RFR: 8228622: [lworld] Ineffective codegeneration for flattened arrays checks causes large performance regression on List iteration

Wed Sep 11 14:38:39 UTC 2019

http://cr.openjdk.java.net/~roland/8228622/webrev.00/

In:

for (Integer i : list) {
}

i is loaded from an Object array so there's a flatten array check. It is
then casted to Integer. If the Integer cast doesn't fail, then the
flatten array check should not succeed. This change transforms:

if (array flattened) {
  res = new buffer;
  copyto(res);
} else {
}
if (!res instanceof Integer) {
  unc at checkcast
}

to

if (array flattened) {
  unc at aaload
}
if (!res instanceof Integer) {
  unc at checkcast
}

This is performed in several steps.

The type system carries a new attribute for TypeInstPtr:
flatten_array. It is set for the newly allocated buffer in the flat
array branch.

CmpPNode::Value now returns a constant for a type check where the
comparison is between a TypeInstPtr with flatten_array set to true and a
constant klass for which flatten_array can't be true.

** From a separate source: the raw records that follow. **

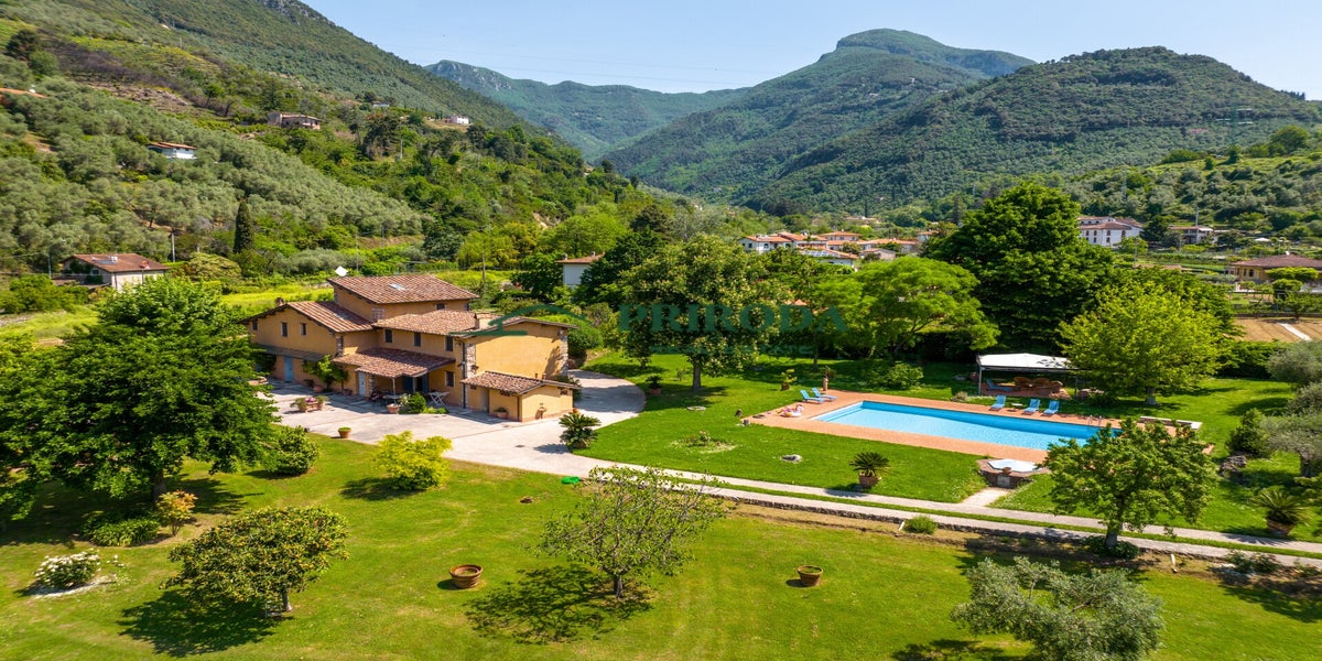 Splendida villa signorile con 12.000 mq di parco, piscina, lago con sorgente naturale, campo da tennis e mulino antico situata nella pregiata campagna di Valdicastello - Pietrasanta.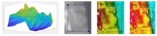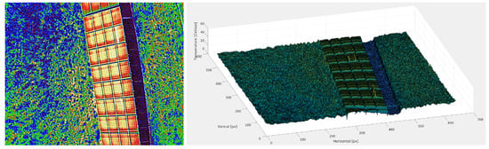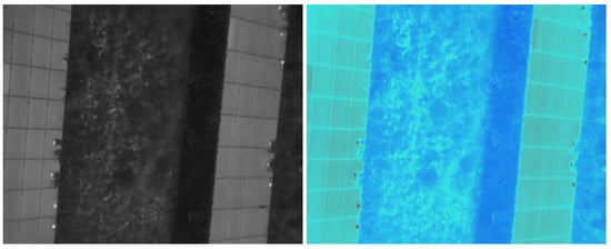 According to IEC TS 62446-3, aerial infrared thermography can reveal nine kinds of problems: overheated conductor strips, overheated cells, broken front glass of the module, overheated junction boxes, short circuits in string and substrings, disconnected string and substrings, and partial shading of modules. These problems are represented in IRT imagery by characteristic patterns; some are shown in Table 2. In the authors’ opinion, the most important function of this table is to draw the reader’s attention to the fact that the image presented on the camera’s display and stored on the memory card is just one of many possible representations of the registered temperatures. Depending on the temperature scale, color palette, and filters used, the same temperature can be depicted differently, and characteristic patterns of defects can be highlighted or blurred. To emphasize this remark in Figure 10, the DJI camera image used to create the third and fourth rows in Table 2 is compared to the temperature distribution extracted from the picture metadata.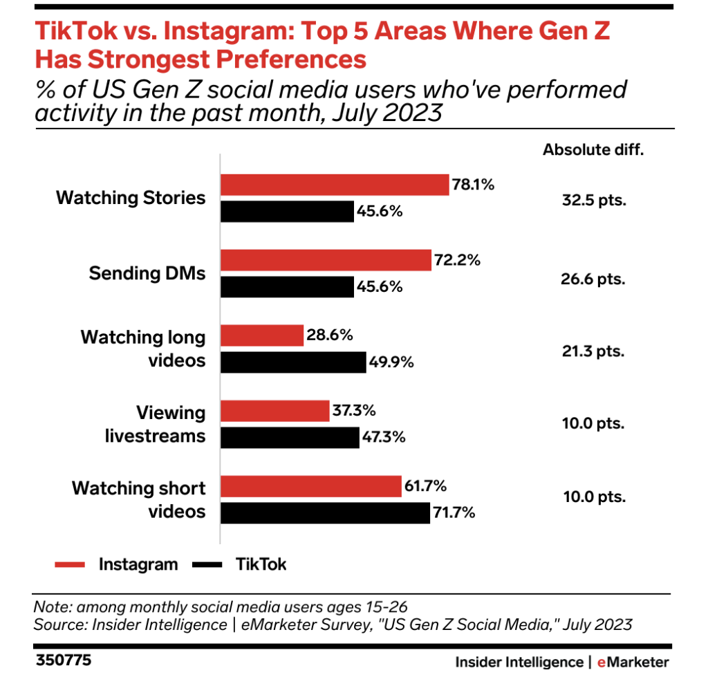 Źródło: https://blog.hubspot.com/marketing/instagram-story-formats - Najskuteczniejsze jeśli chodzi o budowę zasięgu pozostają rolki. Generują one 2x większy zasięg niż pozostałe rodzaje treści na Instagramie.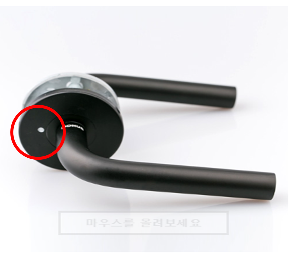 첫번째로 레버형 손잡이(버튼형)인데요. 이 손잡이를 보시면 좌측에 저런 구멍이 있는 것을 알 수 있습니다.
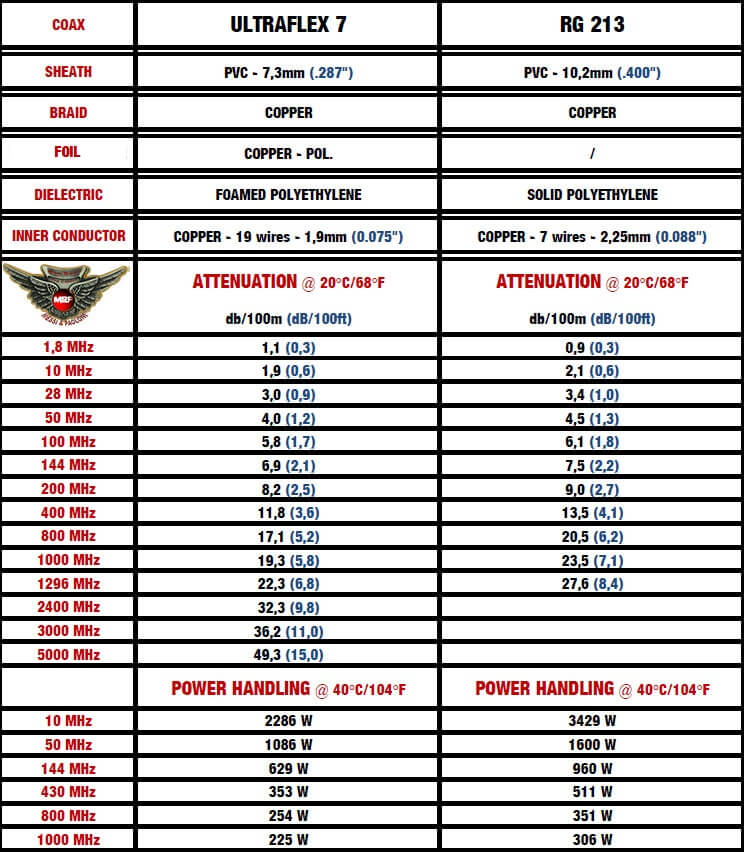 Observing the characteristics described above, you can see how our ULTRAFLEX 7  is superior to classic RG213 in every single value (starting from 28 MHz). All this despite it has a overall diameter of only 7,3mm (.287″) compared to the RG213’s 10,3mm (.400″).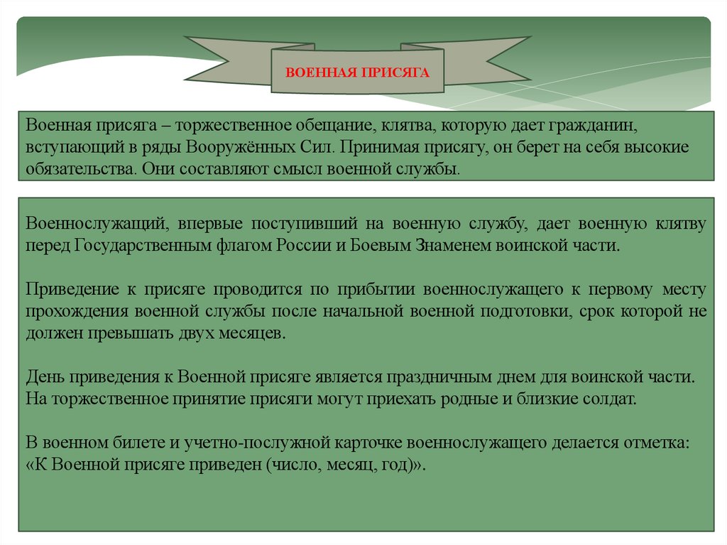 ВОЕННАЯ ПРИСЯГАВоенная присяга – торжественное обещание, клятва, которую дает гражданин,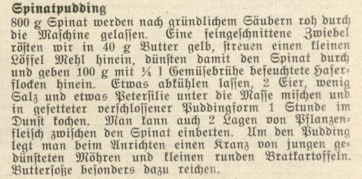 Zubereitung: 800 g Spinat werden nach gründlichem Säubern roh durch die Maschine gelassen. Eine fein geschnittene Zwiebel rösten wir in 40 g Butter gelb, streuen einen kleinen Löffel Mehl hinein, dünsten damit den Spinat durch und geben 100 g mit ¼ l Ge- müsebrühe befeuchtete Haferflocken hinein. Etwas abkühlen lassen, 2 Eier, wenig Salz und etwas Petersilie unter die Masse mischen und in gefetteter verschlossener Puddingform 1 Stunde im Dunst kochen.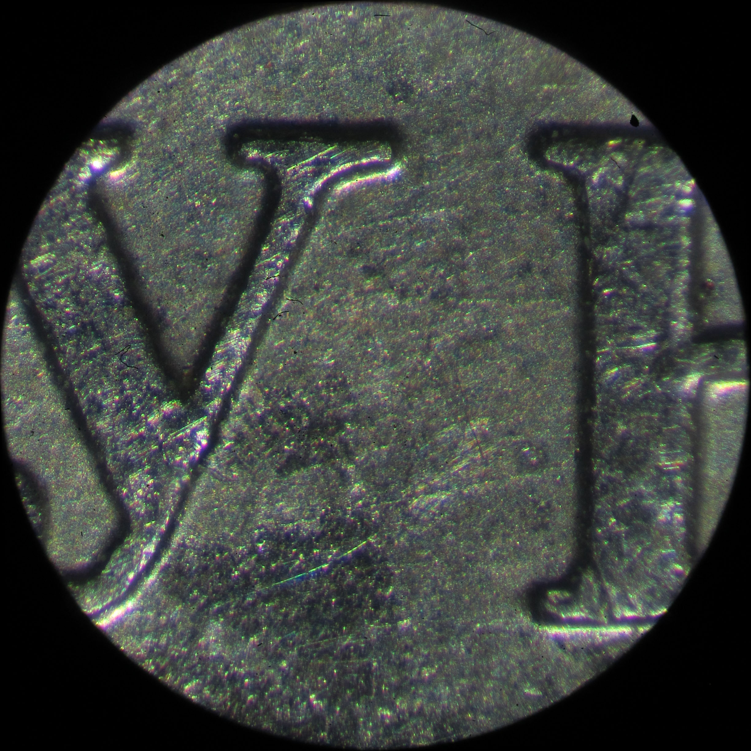 На моей монете шлифовка тоже какая-то невнятная, вроде царапки есть, но не понять, это шлифовка или, собственно, царапины из оборота. Но сошлифованности букв нет, да и с такой разницей в размерах штемпель не может быть одинаковым.

That makes the CmpPNode for the Integer type check a candidate for split
if. Because the type check is (CmpP (LoadKlass (Phi ...))) special logic
is required to push the LoadKlass through Phi first.

After split if, we have:

if (array flattened) {
  res = new buffer;
  copyto(res);
  unc at checkast
}
if (!res instanceof Integer) {
  unc at checkcast
}

Now the buffer allocation and initialization is useless. So
CallStaticJavaNode::Ideal has logic to move the unc up to the allocation
and remove the allocation and initialization.

Finally this patch also implements flattened array checks using the
storage properties.

All together, performance with EnableValhalla on or off is identical for
2 of the 3 tests. In the 3rd one, the flattened array check can't be
hoisted and so performance is still ~10% behind with +EnableValhalla
which is still much better than what we currently get.

Roland.